+++ Recorded information
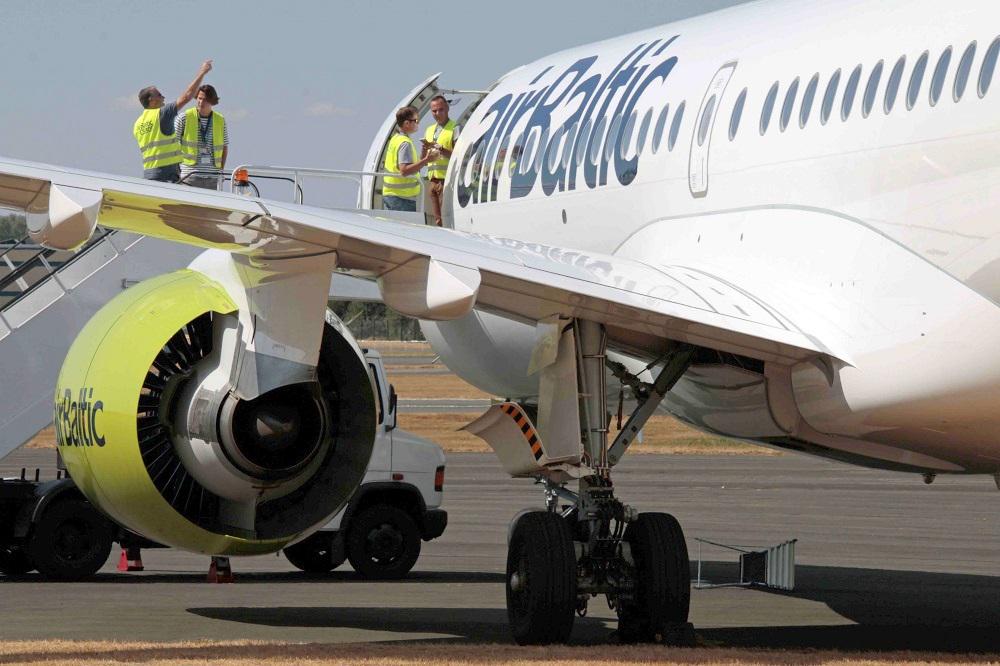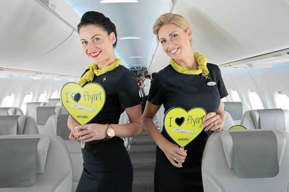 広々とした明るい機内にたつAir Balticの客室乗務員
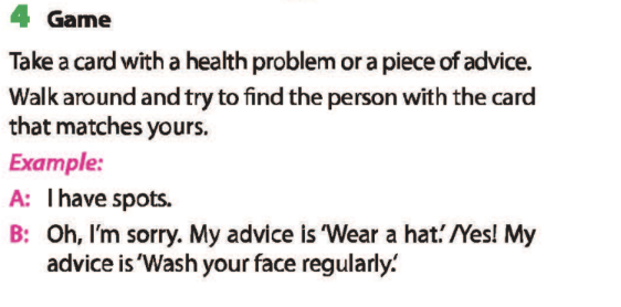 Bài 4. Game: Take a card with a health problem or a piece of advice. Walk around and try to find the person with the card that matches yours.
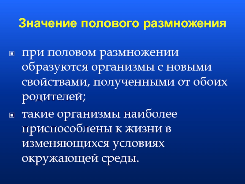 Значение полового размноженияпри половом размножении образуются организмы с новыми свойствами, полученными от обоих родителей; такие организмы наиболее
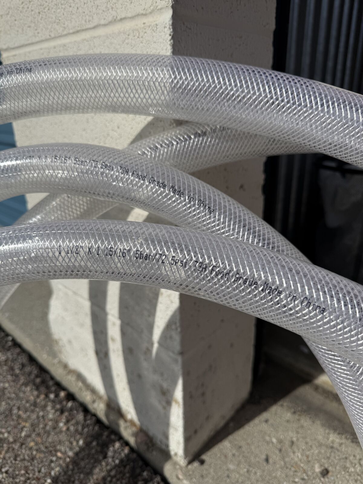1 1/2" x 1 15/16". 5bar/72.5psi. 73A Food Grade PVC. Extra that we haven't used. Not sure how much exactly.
++++++
+++ Recorded information
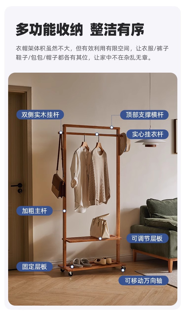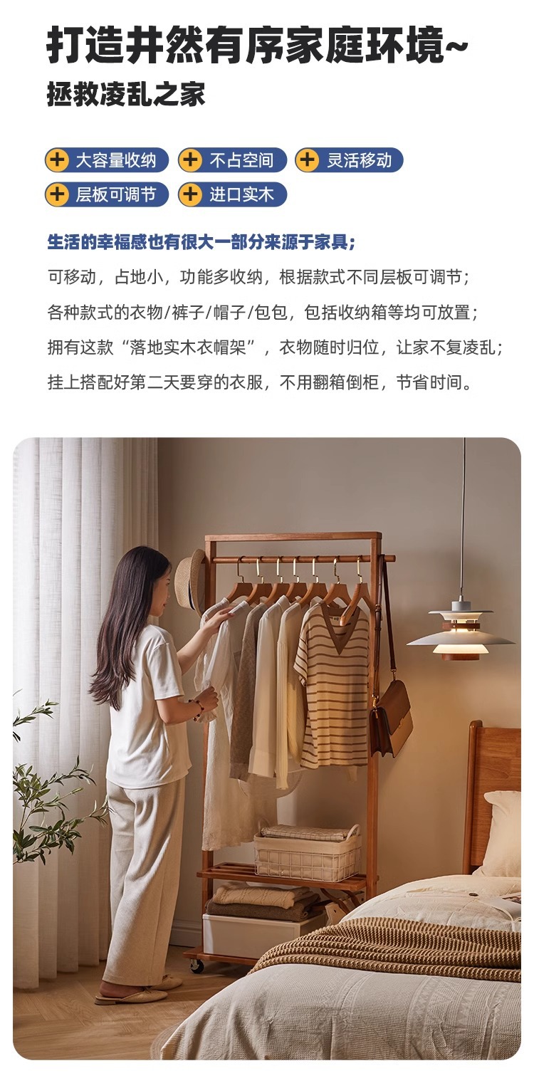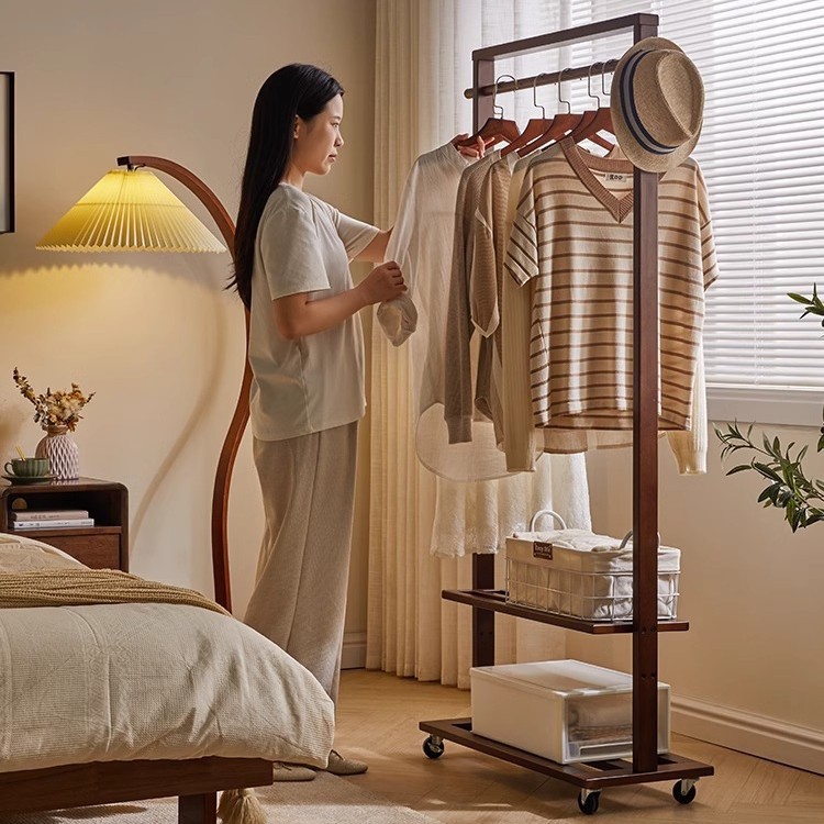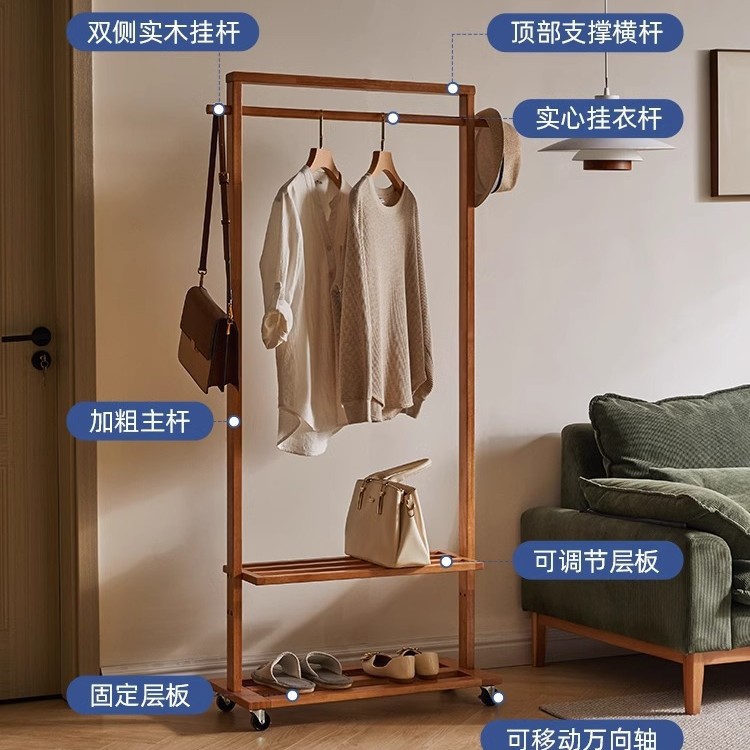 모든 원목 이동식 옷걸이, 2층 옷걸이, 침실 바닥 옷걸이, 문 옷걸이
++++++
Description of the task
All that should be printed is the run of lines above from the one with "広々とした明るい機内にたつAir Balticの客室乗務員" through the one with "Bài 4. Game: Take", both included, exactly as given, with pictures left out.

Task answer
 広々とした明るい機内にたつAir Balticの客室乗務員
 Bài 4. Game: Take a card with a health problem or a piece of advice. Walk around and try to find the person with the card that matches yours.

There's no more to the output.